SQL Server: Delete duplicates from a table.
This article discusses how to remove duplicate rows from a table in a SQL Server database. For example consider the following “employee” table of variable type. In this table, empId is the row identifier, empName and Salary are employee details.
--Create a temporary table variable declare @employee Table(empId int identity(1,1), empName Varchar(50), Salary int) declare @empName varchar(50) declare @Salary int
Let us add a few rows in this table. Since we have not defined a unique key in this table, there is a scope for multiple records to have similar empName and Salary values. The following script will insert 7 rows into the employee table, with 3 duplicate rows. You can see from the screen capture below that the rows 5, 6 and 7 have duplicate data.
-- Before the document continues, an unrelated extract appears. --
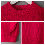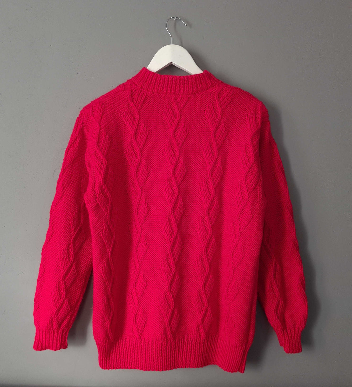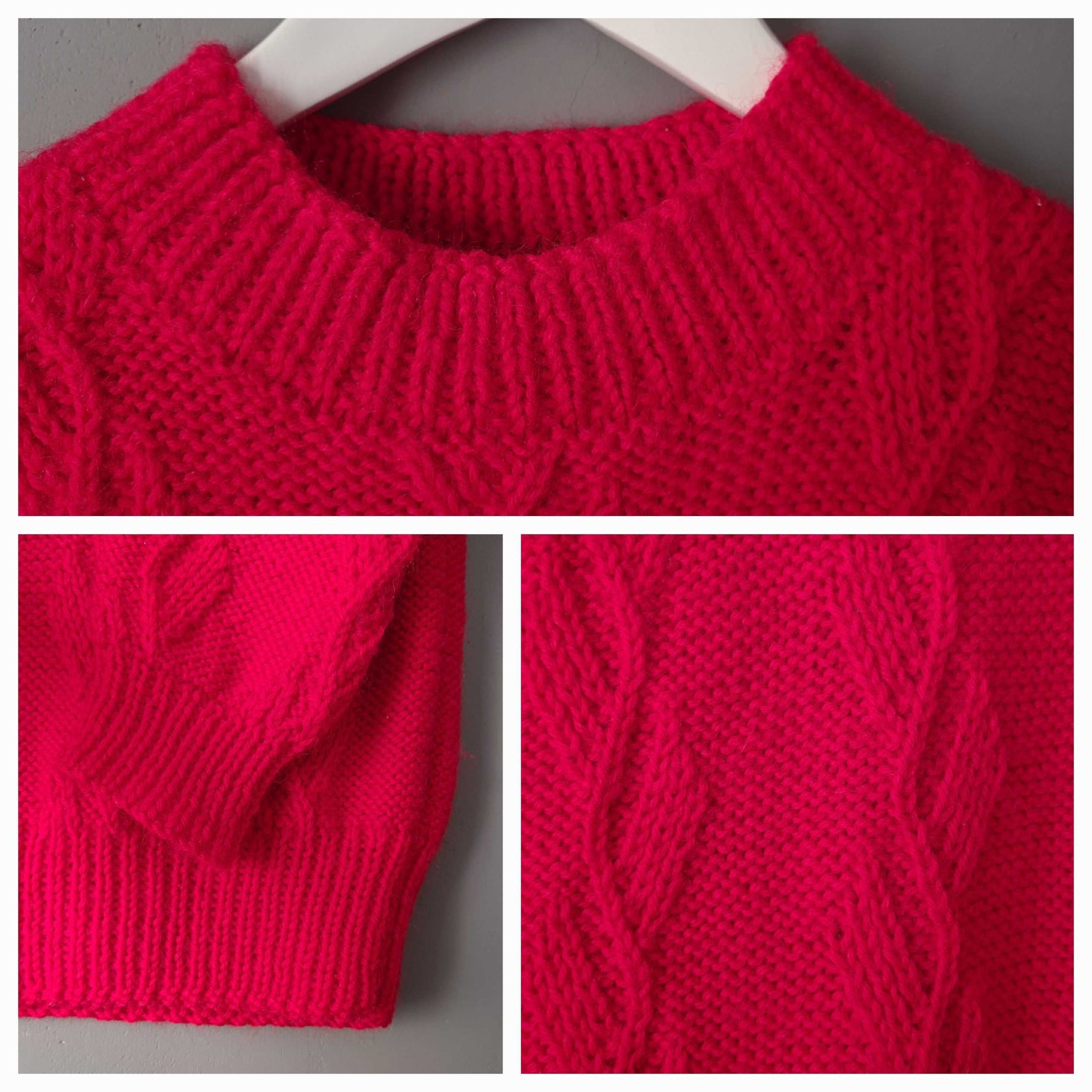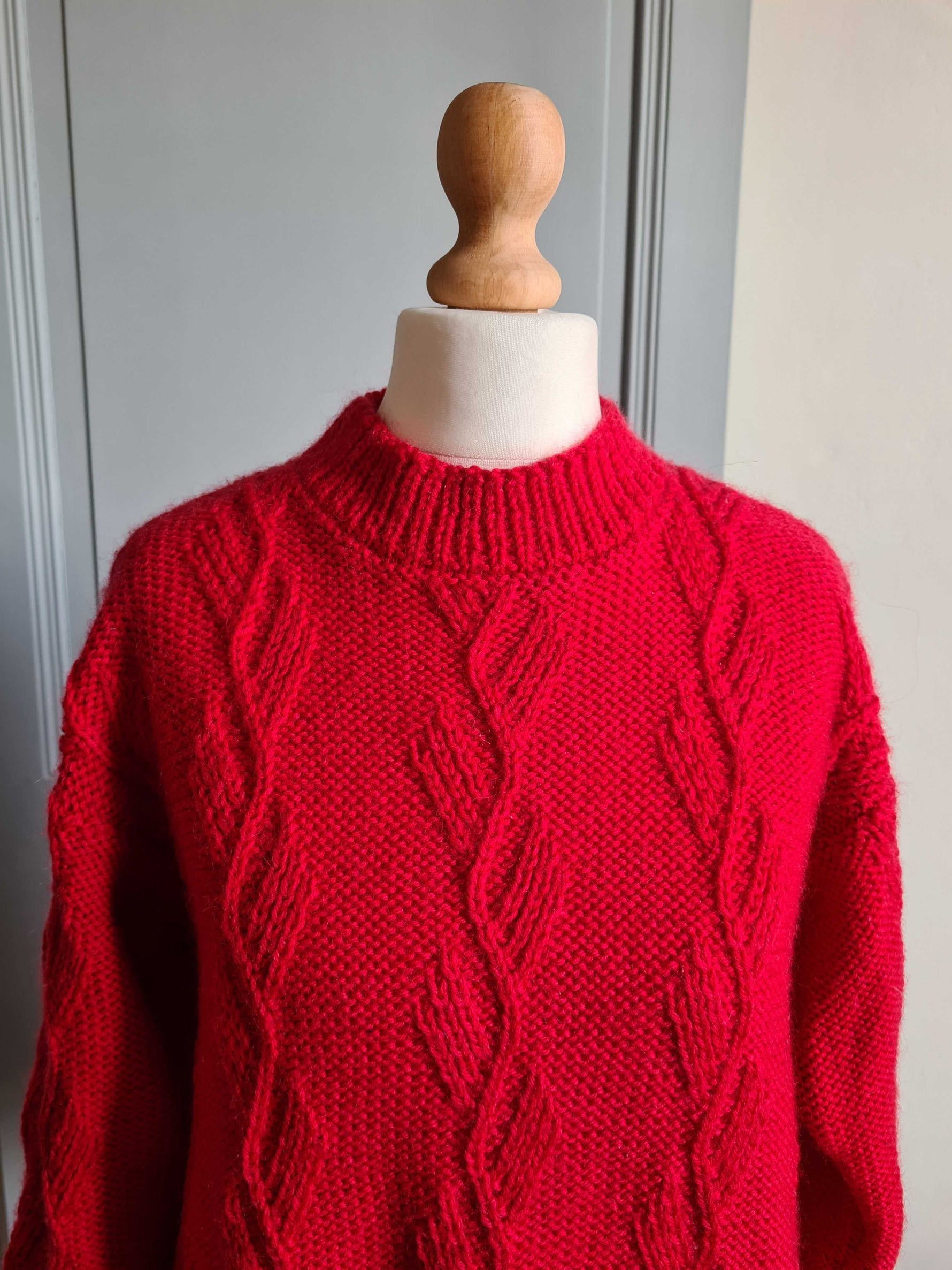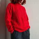 Pull à torsades en laine mélangée rouge cerise, col cheminée. Porté par une taille 36 sur les photos. Pièce unique tricotée à la main.

-- Insert dummy data(empName, Salary) Insert into @employee Values('test1', 1000) Insert into @employee Values('test2', 2000) Insert into @employee Values('test3', 3000) Insert into @employee Values('test4', 4000) Insert into @employee Values('test1', 1000) Insert into @employee Values('test1', 1000) Insert into @employee Values('test3', 3000)
There are many approaches for deleting the duplicate data in a table. I am about to demonstrate one of the ways using a cursor to de-duplicate the table. Following is the process of de-duplication:
1. The first step of the process is to identify the data that is redundant.
2. Followed by fetching all the identifiers of each of the distinct set of data.
3. Then delete all but one of the rows identified by the primary keys that was fetched in the last step.
4. Repeat the steps 2 and 3 on each of the unique set of data from step 1 using the cursor.
-- delete the duplicates DECLARE my_cursor CURSOR FOR select distinct a.empName, a.Salary from @employee a where 1 < (select count(*) from @employee b where a.empName = b.empName and a.Salary = b.Salary) OPEN my_cursor FETCH NEXT FROM my_cursor into @empName, @Salary WHILE @@FETCH_STATUS = 0 BEGIN delete from @employee where empName = @empName and Salary = @Salary and empId not in (select top 1 empId from @employee where empName = @empName and Salary = @Salary) FETCH NEXT FROM my_cursor into @empName, @Salary end close my_cursor deallocate my_cursor
Following is a screen capture of the table after the duplicates have been removed:
Tip: The following script can be used to get a list of duplicate tables in a database. The duplication in this case is assumed to be caused by the Schema. The same script can be tweaked easily to identify other SQL Server duplicate objects.
select a.Table_Schema, a.Table_Name from INFORMATION_SCHEMA.TABLES a where 1 < (select count(*) from INFORMATION_SCHEMA.TABLES b where a.Table_Name = b.Table_Name)